There's no point practicing something that feels right but is actually incorrect, then you'll just be more wrong.
But if you spend time sessioning a particular corner you will get round it faster in a way that suits you. I have in the past sessioned lines where I thought I couldn't get enough speed up, tried different ways and eventually found the fastest line for myself.
The same technique won't suit everyone, its an art not an exact science.
But if you spend time sessioning a particular corner...
Probably been said already (and probably more than once) but time is not a luxury all of us have. If it takes me £50 and a morning to learn a new technique as opposed to no coaching and half a dozen mornings sessioning something, that's money well spent. It's not that I don't like spending time sessioning stuff on a bike, it's simply that my time is more thinly spread amongst other things I want to do these days.
I sort of get what the OP is getting at though. Few of our club riders went on a skills course and I got the feeling they expected to be riding the same stuff as the better riders immediately but none have practised what they were taught since the skills course. Seems like they wanted a quick fix. In contrast a few of us have opted to session / practice certain trail features and jumps rather than ride them once in a 25km loop. Our riding have definitely seen a major improvement since we started doing this and a lot of the time all it needs is a bit of time, patience and commitment although I suppose it may depend what you're trying to improve- for me it was psychological / confidence when trying to do bigger jumps. I've been on a skills course- didn't really get to grips with what I went on it for but other, more basic, aspects improved a lot.

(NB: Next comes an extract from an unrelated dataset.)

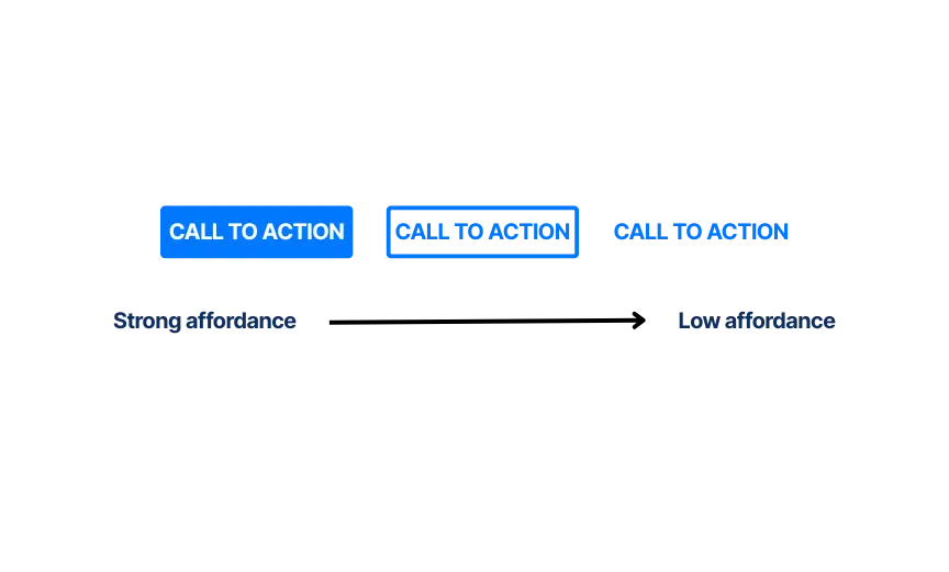 In UX-termen noemen we dit affordance: de mate waarin het ontwerp van een element uitnodigt tot interactie. Een knop met strong affordance is visueel duidelijk klikbaar. Bij low affordance moet de gebruiker gokken — en dat kost je clicks.

Skills courses do have their place but they're not always the quick fix many think it is. The real learning starts afterwards
Some people just want to sit down and pedal along a route, if that's their goal, then fine. Others want to improve, go faster, hit bigger lines etc. If this is the case then practice / coaching is needed. As someone who used to ride DH, aside from having massive balls, a surefire way of getting better down a track was to break it into sections, walk it and session it. Its only when you actually look properly at the sections that new, faster/better possibilities crop up. You could ride a track again and again and not pick something up that 30 seconds standing and looking will throw up. I still like to do this.

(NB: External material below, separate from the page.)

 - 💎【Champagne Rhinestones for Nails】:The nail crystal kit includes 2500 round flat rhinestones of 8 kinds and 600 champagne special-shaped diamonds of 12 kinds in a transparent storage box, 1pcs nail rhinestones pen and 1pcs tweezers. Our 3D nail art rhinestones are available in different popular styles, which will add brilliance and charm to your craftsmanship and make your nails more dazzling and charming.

Personally I am going to invest at some point in some jumping/drops coaching. I think with me a lot of it is psychological (fear of getting hurt), and running through this with a coach I feel will really help me.
I've done a skills session, with a fella called Andy at Swinley forest.

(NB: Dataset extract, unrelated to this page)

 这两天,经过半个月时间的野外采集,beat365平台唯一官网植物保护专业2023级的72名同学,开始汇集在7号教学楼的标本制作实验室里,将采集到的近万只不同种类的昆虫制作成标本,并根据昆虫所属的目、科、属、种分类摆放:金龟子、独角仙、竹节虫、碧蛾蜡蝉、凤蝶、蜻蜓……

It was quite XC focused, but the stuff I learned in 3 hours regarding body position is useful on every ride i've done since.
He was really good, and made me think about things very differently.
I don't do much MTB at the moment due to road biking getting in the way, but if/when I start doing more of it, i'll probably have some more tuition.
As others have said, people have coaching/tuition for every sport, so why would MTB be any different???
I really enjoy being coached and have done a few sessions with various coaches. I find I prefer the one to one type as although more expensive I get alot more out of them and the session is all about what I want / need to learn and practice.
As to the cost I dont think they are expensive. The way I look at is that a days private coaching might cost about the same as a new carbon bar for the bike. Yes thats a chunk of money, but which is going to make me ride better and have more fun on my bike?
hrismacAs to the cost I dont think they are expensive. The way I look at is that a days private coaching might cost about the same as a new carbon bar for the bike. Yes thats a chunk of money, but which is going to make me ride better and have more fun on my bike?
Reminds me of a debate I had with a customer in the shop maybe 18 months ago. Parents were trying to weigh up the pros and cons of a new lower spec, Nuke Proof Mega AM comp with 650b wheels vs a massively discounted 26" Mega AM pro for their teenage son, who it has to said, was pretty fat. I think the price difference was something like £1000.
I told them the difference in the bigger wheels would be negligible (despite chunk contradicting me) and that they would be better off buying the cheaper, higher spec bike, full TLD race kit + D3 and still have £4-500 left to spend on tuition, which I said would definitley make him go faster.
Guess what they bought.
I think it is a nonsensical argument! We happily accept that if you want to learn how to write or read you probably need someone to teach you, and no matter how much you session a book and 'mtfu' you still wont be able to read at the end of it!
Why should learning a physical skill be different?
I've been riding my for well over 20 years, I was ok and got through most stuff fine.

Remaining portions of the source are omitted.